| Data for the task |
:::

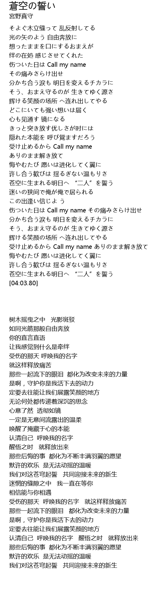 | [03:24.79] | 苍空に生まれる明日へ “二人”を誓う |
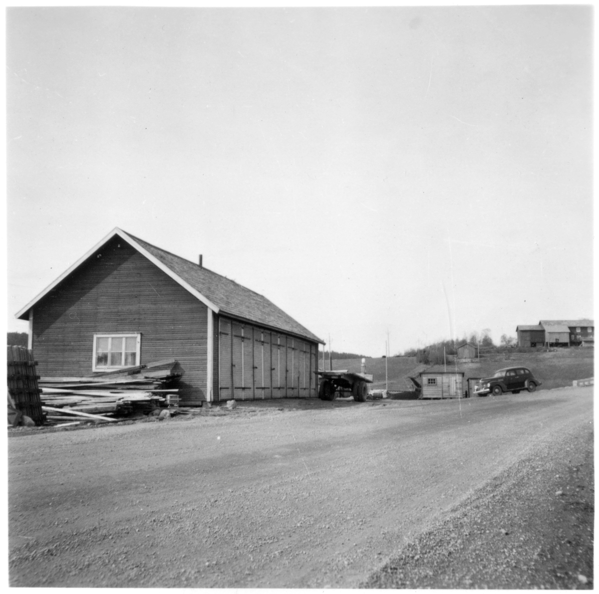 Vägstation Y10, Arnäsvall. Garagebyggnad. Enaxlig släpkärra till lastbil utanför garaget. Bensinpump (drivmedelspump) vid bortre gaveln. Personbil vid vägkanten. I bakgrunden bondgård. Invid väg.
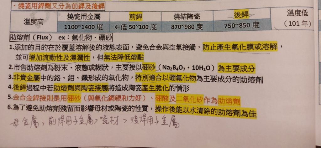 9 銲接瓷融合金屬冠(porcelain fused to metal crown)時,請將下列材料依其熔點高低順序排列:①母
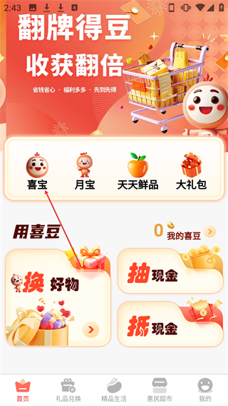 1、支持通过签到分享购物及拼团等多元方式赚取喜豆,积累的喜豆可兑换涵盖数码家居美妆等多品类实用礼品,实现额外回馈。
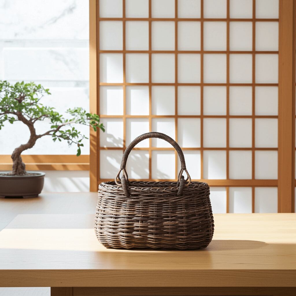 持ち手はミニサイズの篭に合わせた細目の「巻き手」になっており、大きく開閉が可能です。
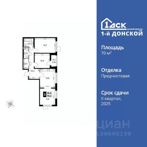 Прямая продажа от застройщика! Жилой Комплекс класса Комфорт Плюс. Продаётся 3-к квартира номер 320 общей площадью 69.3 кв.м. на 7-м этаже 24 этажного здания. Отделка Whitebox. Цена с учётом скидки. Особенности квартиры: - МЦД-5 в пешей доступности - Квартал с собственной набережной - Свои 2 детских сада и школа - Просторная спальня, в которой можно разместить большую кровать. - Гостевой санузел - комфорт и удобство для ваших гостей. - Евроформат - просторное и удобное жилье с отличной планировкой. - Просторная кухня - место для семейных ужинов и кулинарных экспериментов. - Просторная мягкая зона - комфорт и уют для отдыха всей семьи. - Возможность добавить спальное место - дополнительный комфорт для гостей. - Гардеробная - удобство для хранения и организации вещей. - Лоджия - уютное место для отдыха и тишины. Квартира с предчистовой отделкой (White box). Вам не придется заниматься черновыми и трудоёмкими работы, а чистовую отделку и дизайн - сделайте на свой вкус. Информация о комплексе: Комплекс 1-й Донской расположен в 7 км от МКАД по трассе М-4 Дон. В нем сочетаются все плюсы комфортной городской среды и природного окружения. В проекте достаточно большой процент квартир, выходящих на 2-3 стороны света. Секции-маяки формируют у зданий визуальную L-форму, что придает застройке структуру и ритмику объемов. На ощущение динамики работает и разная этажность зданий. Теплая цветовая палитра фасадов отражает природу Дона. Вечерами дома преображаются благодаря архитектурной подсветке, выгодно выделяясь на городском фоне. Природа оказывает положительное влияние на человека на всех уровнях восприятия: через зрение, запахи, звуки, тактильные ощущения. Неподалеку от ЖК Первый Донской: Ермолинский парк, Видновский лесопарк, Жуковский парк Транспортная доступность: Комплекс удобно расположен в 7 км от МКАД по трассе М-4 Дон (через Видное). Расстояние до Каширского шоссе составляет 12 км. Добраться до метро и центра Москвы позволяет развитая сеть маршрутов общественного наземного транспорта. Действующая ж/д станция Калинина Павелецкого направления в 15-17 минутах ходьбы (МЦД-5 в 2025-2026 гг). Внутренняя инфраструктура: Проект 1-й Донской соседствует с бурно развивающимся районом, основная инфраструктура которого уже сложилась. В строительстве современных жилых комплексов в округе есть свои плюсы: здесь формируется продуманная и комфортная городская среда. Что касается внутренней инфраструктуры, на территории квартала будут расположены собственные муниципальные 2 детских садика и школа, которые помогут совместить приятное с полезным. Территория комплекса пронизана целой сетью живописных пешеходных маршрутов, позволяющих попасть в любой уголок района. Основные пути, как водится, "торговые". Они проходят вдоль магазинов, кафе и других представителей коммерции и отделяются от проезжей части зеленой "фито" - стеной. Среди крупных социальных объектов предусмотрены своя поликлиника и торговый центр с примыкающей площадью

:::

Here the job is to copy the stretch of records from the line containing "1、支持通过签到分享购物及拼" through the line containing "持ち手はミニサイズの篭に合わ", word for word. Leave every picture out.

| Answer below |
 1、支持通过签到分享购物及拼团等多元方式赚取喜豆,积累的喜豆可兑换涵盖数码家居美妆等多品类实用礼品,实现额外回馈。
 持ち手はミニサイズの篭に合わせた細目の「巻き手」になっており、大きく開閉が可能です。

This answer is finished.